A couple of slices of cake isn't a binge. It's just eating lots of cake....
I wouldn't even consider 2 slices "a lot".
But to answer the OP's question I think sometimes you do get away with overeating, even if you go over your maintenance calories. Just like you don't always lose the exact amount expected in a deficit, you don't always gain exactly as expected in a surplus. Weight is more than fat.
I've found that "getting away with it" has been a problem for me in the past. Sometimes I push my "getting away with it" luck too far.0 -
barbecuesauce wrote: »You can overeat for a few days in a row and "get away with it" if you have been on plan and get back to it. You are allowed to have a life outside of weight loss. Go on vacation, have parties, entertain weekend guests. I have done all of these and my worst case scenario has been a stall.
^ This ^
A stall for little bit is all that it usually amounts to.0 -
HellomynameisMOM wrote: »Just making something up here to illustrate the question, but say you eat a couple of pieces of birthday cake you didn't have calories for. The next day you weigh in and your weight's just fine. Did you 'get away with it' or can that binge show up on the scale at a later date?
I think you have to eat a whole cake or two for it to be a binge.
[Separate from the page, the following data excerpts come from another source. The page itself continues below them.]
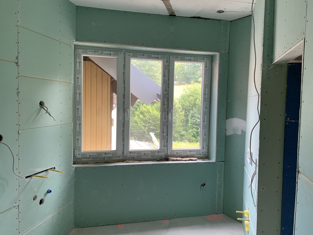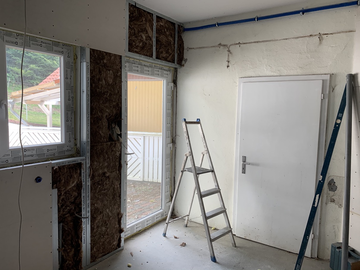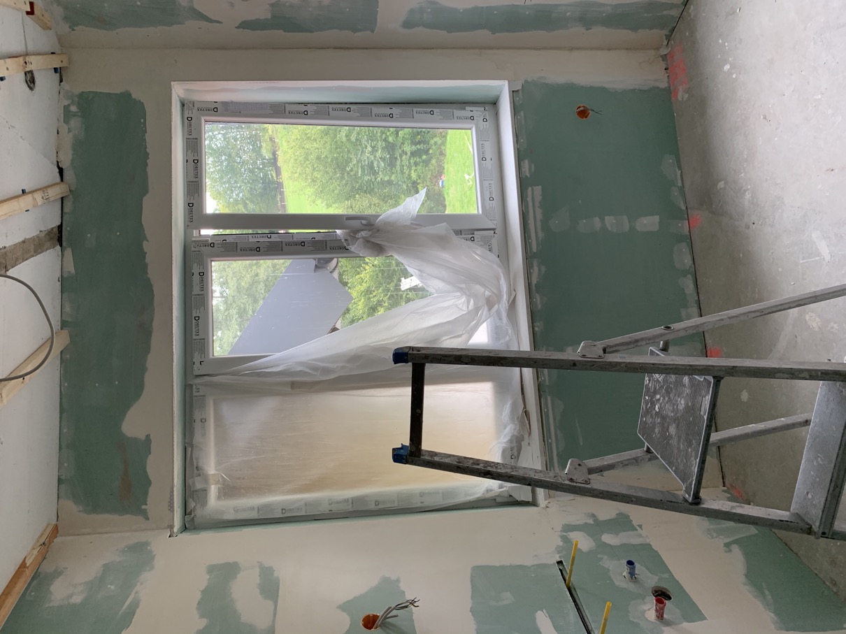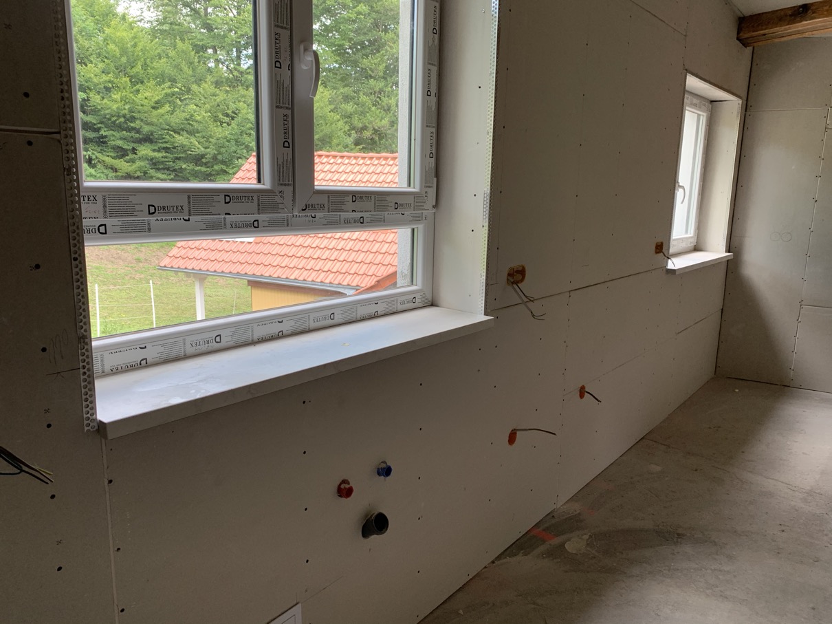 Das Ge-Eckels und die Anpassungen haben einen ganzen Tag gekostet, dafür aber auch diesen Teil der Baustelle geschlossen. Nun kann ich innen aufräumen, da ich mit dieser Maßnahme den Trockenbau (Ausnahme Abgang zum Keller) abgeschlossen habe und als nächstes die Fensterbänke ausmessen/bestellen und dann einbauen kann.
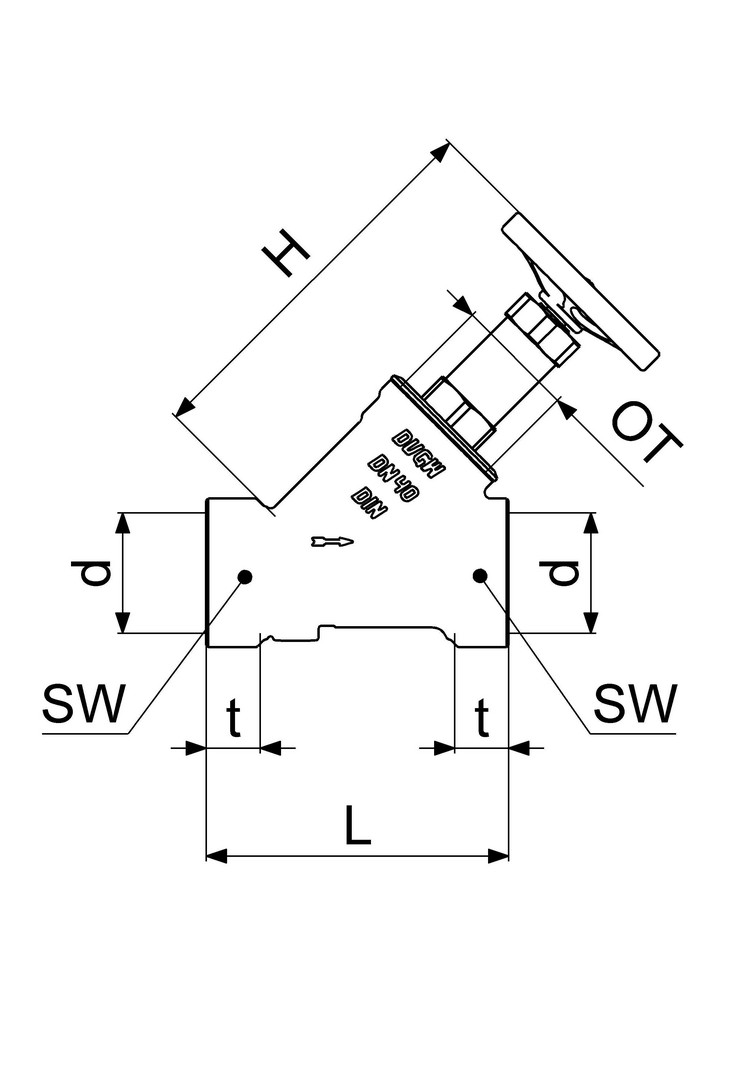 Schlösser Freistromventil 1525 DN 40, G 1 1/2, ohne Entleerung, nichtsteigende Spindel
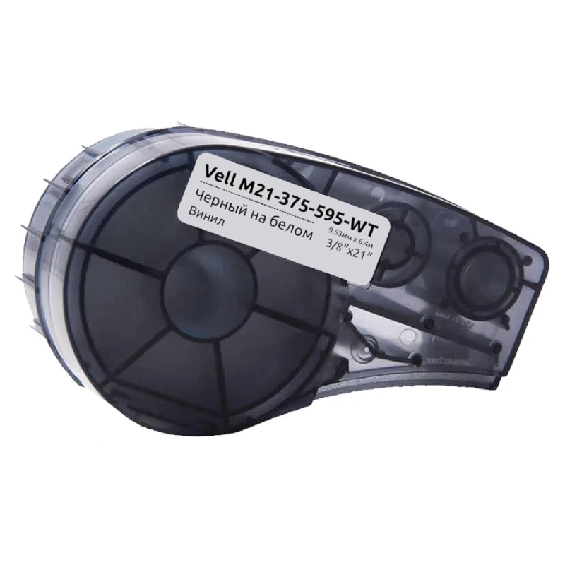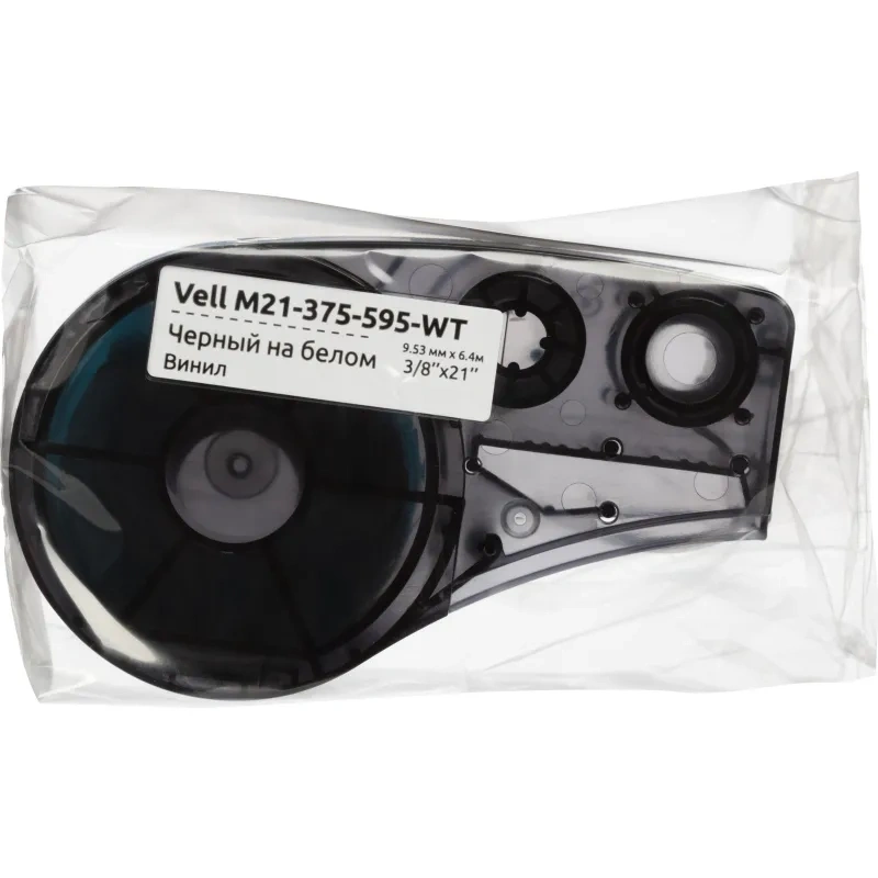 Картридж для принтера этикеток Vell M21-375-595-WT, 9.53мм x 6.4м, белый с черными буквами

Are your two pieces actually a cake that is supposed to serve 10-12 people?
Likely you won't gain anything from two pieces of cake over your limit unless you do it every single day. Likely you will eat less or exercise more another day and still lose the same, lose a little bit less than you would have or stay the same that week. So you can get away with going over your calorie goal sometimes and not gain weight.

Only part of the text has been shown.